Data‑Driven Decision Optimization: Challenges and Advances in Offline Reinforcement Learning

The talk begins with an overview of the difficulties faced when deploying data‑driven decision optimization in practice, highlighting the gap between ideal AI deployment and the constraints of real‑world environments, such as limited interaction, safety constraints, and imperfect data coverage.

It then introduces offline reinforcement learning (Offline RL) as a solution that removes the need for online environment interaction by learning policies directly from static datasets. The presentation covers the evolution of Offline RL, the shortcomings of naïve off‑policy methods, and the importance of handling distribution shift, out‑of‑distribution (OOD) actions, and over‑conservative behavior.

Several algorithmic strategies are described, including policy‑constraint techniques, value‑function regularization, state‑conditioned distance functions, and the DOGE (Data‑driven Offline Gradient‑based Exploration) method, which combines policy constraints with geometry‑aware learning to improve generalization and reduce conservatism.

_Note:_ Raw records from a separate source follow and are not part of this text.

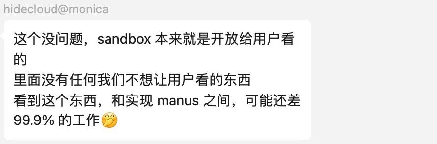 有用户简单地要求Manus提供"/opt/.manus/"下的文件,结果获得了其沙盒运行时代码,这一事件更是引发了技术社区的广泛讨论,让人们对其底层架构产生了浓厚兴趣。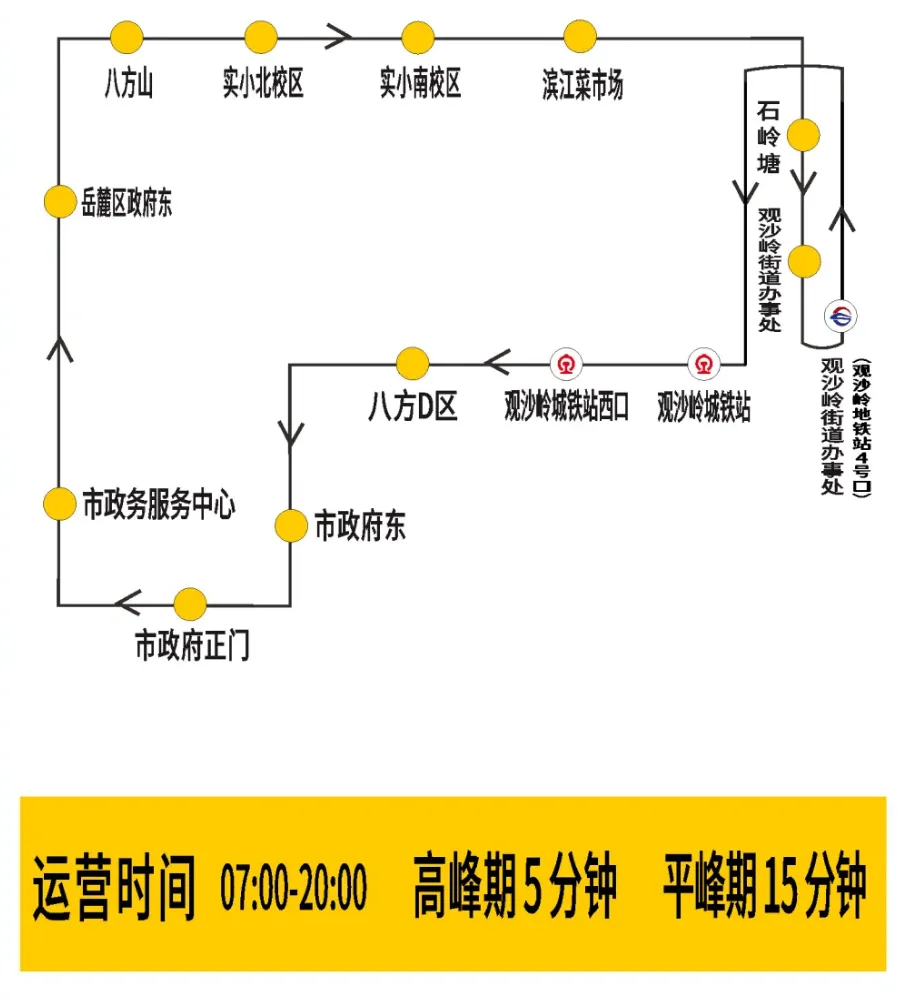 主要停靠市政务服务中心、含光路观沙路口、长沙市实验小学、观沙岭地铁站4号口、八方小区,精简非必要停靠,强化“市政务服务中心—观沙岭地铁站”直达效率(市政务服务中心站为移动站点,按需停靠市政府正门站、市政府站)。
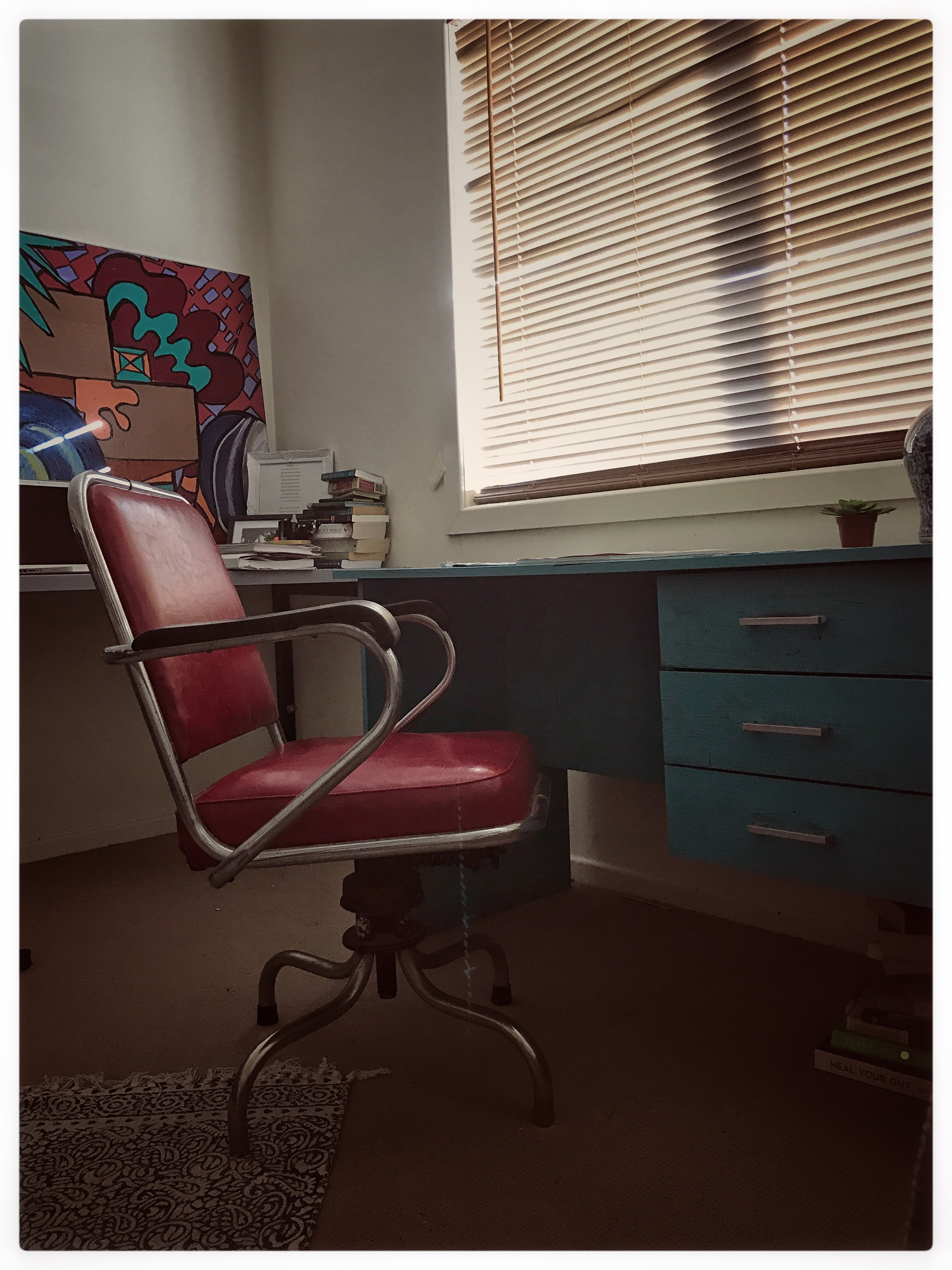 A desk – which used to be a cheap old knocked about dark chocolate veneer finish has been given a vintage vibe and freshen up with green.

Practical applications are showcased, notably the deployment of Offline RL for combustion‑airflow optimization in coal‑fired power plants, achieving measurable efficiency gains, and the use of mixed offline‑online approaches (e.g., H2O) that fuse real‑world data with imperfect simulators to correct dynamics bias.

The session concludes with a Q&A discussing the distinction between sequential decision making and traditional PID control, the challenges of scaling across heterogeneous power‑plant configurations, and future directions such as stitching trajectories, imitation‑learning hybrids, and broader industrial adoption.